China has found a clever workaround for NVIDIA’s restricted AI accelerators, as DeepSeek’s latest project dramatically enhances performance using Hopper H800s AI accelerators.
DeepSeek’s FlashMLA: Transforming China’s AI Power with NVIDIA’s Hopper GPUs
It looks like China is forging its own path in tech innovation, with companies like DeepSeek leveraging software ingenuity to push hardware boundaries. DeepSeek’s new development is an eye-opener. The company has figured out how to maximize output from NVIDIA’s "cut-down" Hopper H800 GPUs by fine-tuning memory use and optimizing how resources are allocated during tasks.
During DeepSeek’s ongoing "OpenSource" week, they revealed FlashMLA—a cutting-edge decoding kernel crafted for NVIDIA’s Hopper GPUs. Before diving into its functionalities, let’s look at the groundbreaking improvements it introduces, which are indeed quite extraordinary.
DeepSeek boasts that FlashMLA can achieve 580 TFLOPS for BF16 matrix multiplication on the Hopper H800, which is nearly eight times what the industry typically sees. Plus, with efficient memory management, FlashMLA can push memory bandwidth to 3000 GB/s—double the H800’s theoretical maximum. Impressively, these gains are reached through savvy coding, not major hardware upgrades.
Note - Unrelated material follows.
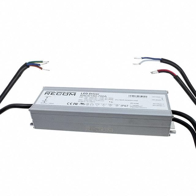This is manufactured by Recom Power. The manufacturer part number is RACD150-700A. It is rated with ip67. It is assigned with possible HTSUS value of 8504.40.9520. The product is rohs3 compliant. Moreover, it has wire leads terminal style. The product features power and watts of 150 w. The maximum product's output current is 700ma. It is approved by ce, ul. The product is available in chassis mount configuration. It offers 90vac of minimum input voltage. It comes in constant current configuration. Dimming Info: analog, pwm. In addition, it is reach unaffected. It is a highly efficient product with an 92% of high efficiency. Its maximum input voltage is 305vac. Topology includes ac dc converter. It is shipped in box package . The product's diameters include 8.00" l x 2.68" w x 1.54" h (203.2mm x 68.0mm x 39.0mm). 3.75 kv of isolation voltage. Its typical moisture sensitivity level is 1 (unlimited). The splendid features of the product include ocp, otp, ovp, scp. The typical product's weight is 2.4 lbs (1.1 kg). The product lightline racd150-a (150w), is a highly preferred choice for users. The product has -40°c ~ 55°c operating temperature range. Furthermore, the output voltage is 60 ~ 210v. Additionally, the product is supplied with 1 outputs. The product is designated with the ear99 code number.

DeepSeek’s FlashMLA uses "low-rank key-value compression"—essentially breaking data into more manageable chunks to hasten processing while cutting memory use by 40%-60%. Another smart feature is its block-based paging system, which flexibly allocates memory based on task demands, outperforming fixed allocation methods. This innovation is especially useful for processing tasks with varying lengths, enhancing overall performance.
DeepSeek’s advancements highlight that AI computing is not reliant on a single element but is a tapestry of factors. Currently, this tool is tailored for Hopper GPUs, but it’s exciting to think about the performance leaps we might see when applied to the H100 with FlashMLA.